The purpose of this study is to confirm that the investigational medication, plecanatide, is safe and effective in treating chronic idiopathic constipation.
This is a national, randomized, 12-week, double-blind, placebo-controlled, study in approximately 1350 adult male and female patients with CIC comparing 2 doses of plecanatide to placebo. The study will be conducted at approximately 180 clinical study sites in the United States. The primary objective of the study is to evaluate the efficacy and safety of 3.0 and 6.0 mg of plecanatide administered once daily (QD) for 12 weeks in a population of patients with CIC. The study population will include only patients without other causes of constipation or other chronic conditions that could interfere with study assessments. Patients may not take laxatives (with the exception of the study-provided rescue medication, bisacodyl 5mg tablets), or a number of prohibited drugs that are known to cause constipation or diarrhea, during study participation. There are 6 scheduled study visits, including the screening and follow-up visits. The planned duration of participation in this study will be 112 days and up to 155 days, with washout and all visit windows considered.
Study Type
INTERVENTIONAL
Allocation
RANDOMIZED
Purpose
TREATMENT
Masking
QUADRUPLE
Enrollment
1,410
Number of Durable Overall CSBM Responders, Mean Replacement Approach
The primary efficacy endpoint was measured by the number of durable overall CSBM responders over the 12-week Treatment Period.

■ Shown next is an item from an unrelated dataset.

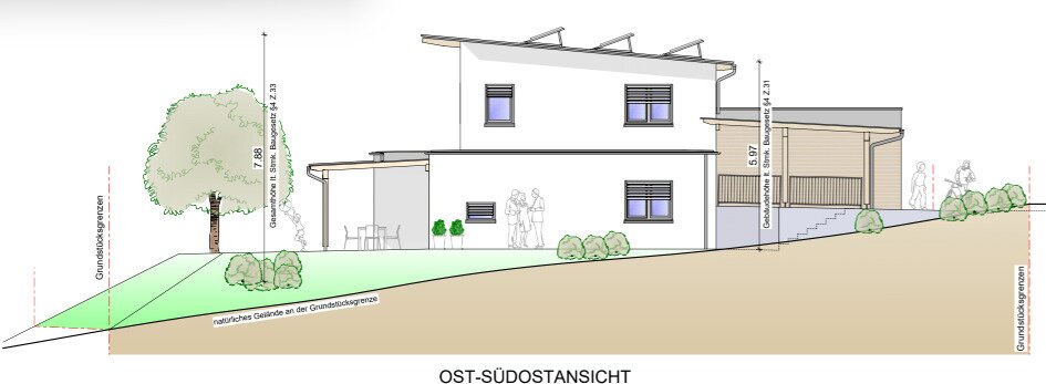 Verkauft wird es inkl. Baugenehmigung für ein Einfamilienhaus im Ausmaß von 111 m² Wohnnutzfläche zzgl. Doppelcarport.
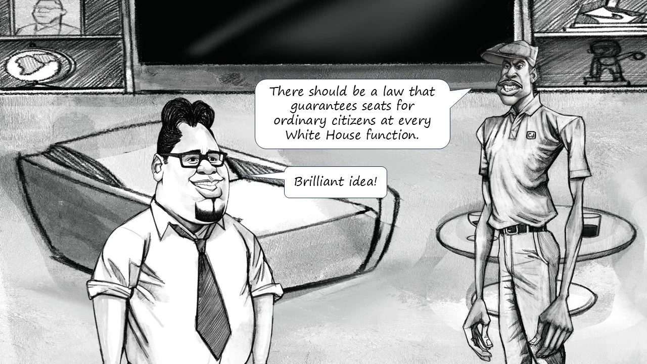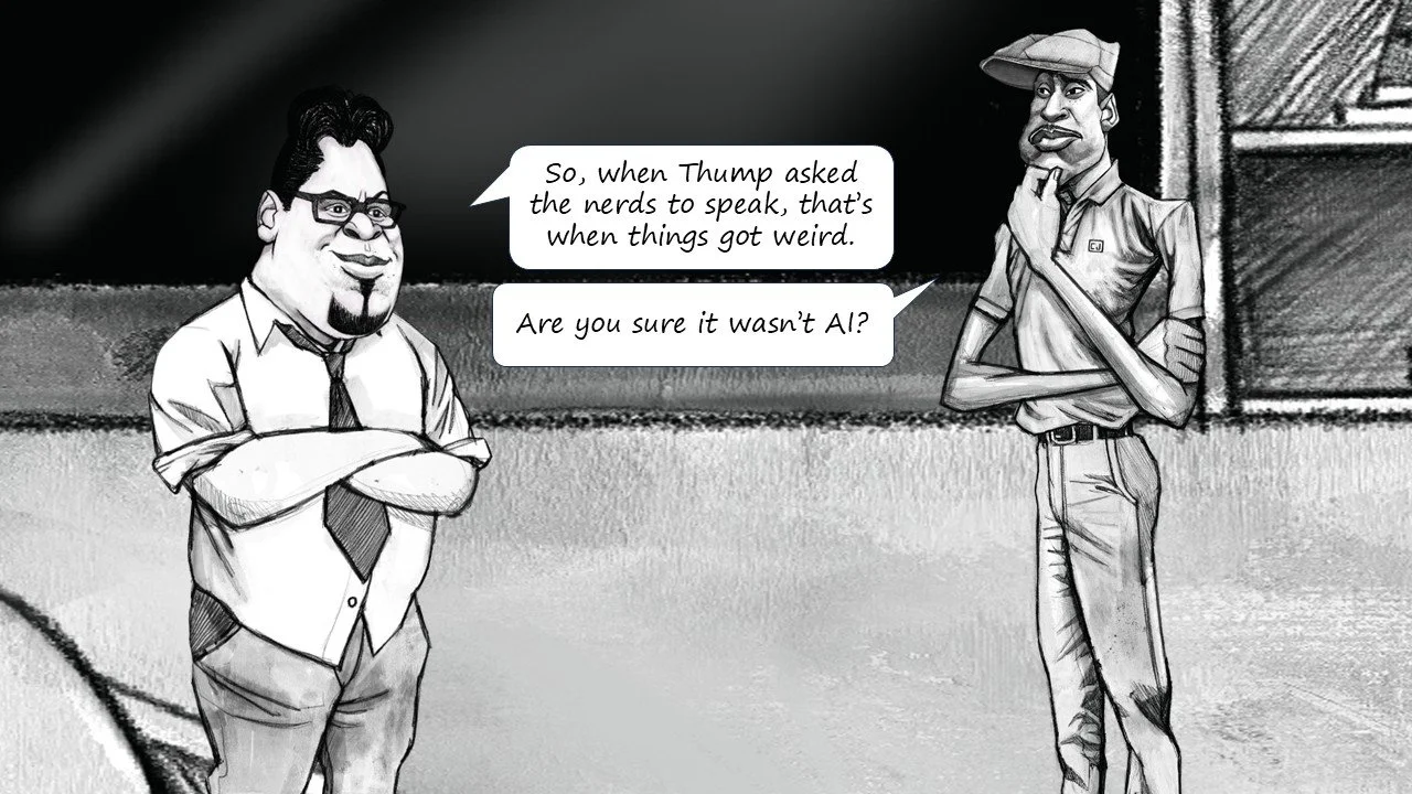 Comic: Revenge of the Nerds Pt. One 1/5/26 I can’t make this up: https://www.youtube.com/shorts/sZcB4pD8gW4 & https://www.ms.now/top-stories/latest/trump-big-tech-dinner-zuckerberg-cook-rcna229425 & https://www.usatoday.com/story/news/politics/2025/09/04/trump-hosts-white-house-dinner-without-musk/85973868007/

A durable overall CSBM responder was defined as a weekly CSBM responder for at least 9 of the 12 treatment weeks, including at least 3 of the last 4 weeks. A CSBM weekly responder was defined as a patient who has ≥ 3 Complete Spontaneous Bowel Movements (CSBMs) per week and an increase from baseline of ≥1 CSBM for that week. A CSBM was a bowel movement that occurred in the absence of laxative use within 24 hours and was associated with the feeling of complete evacuation.
Time frame: 12-Week Treatment Period
Change From Baseline in CSBMs (CSBMs/Week) Over the 12-week Treatment Period , Mean Replacement Approach
The change from baseline in the number of Complete Spontaneous Bowel Movements (CSBMs) over the 12-week Treatment Period was analyzed. Baseline was the mean number of CSBMs recorded during the 2-week baseline diary assessment period prior to the first dose of study drug. A CSBM was a bowel movement that occurred in the absence of laxative use within 24 hours and was associated with the feeling of complete evacuation.
Time frame: Baseline and 12 weeks
Change From Baseline in SBMs (SBMs/Week) Over the 12-week Treatment Period, Mean Replacement Approach
The change from baseline in the number of Spontaneous Bowel Movement (SBM) over the 12-week Treatment Period was analyzed. Baseline was the mean number of SBMs recorded during the 2-week baseline diary assessment period prior to the first dose of study drug. The weekly SBM totals were derived from the daily diary entries reported during the Treatment Period.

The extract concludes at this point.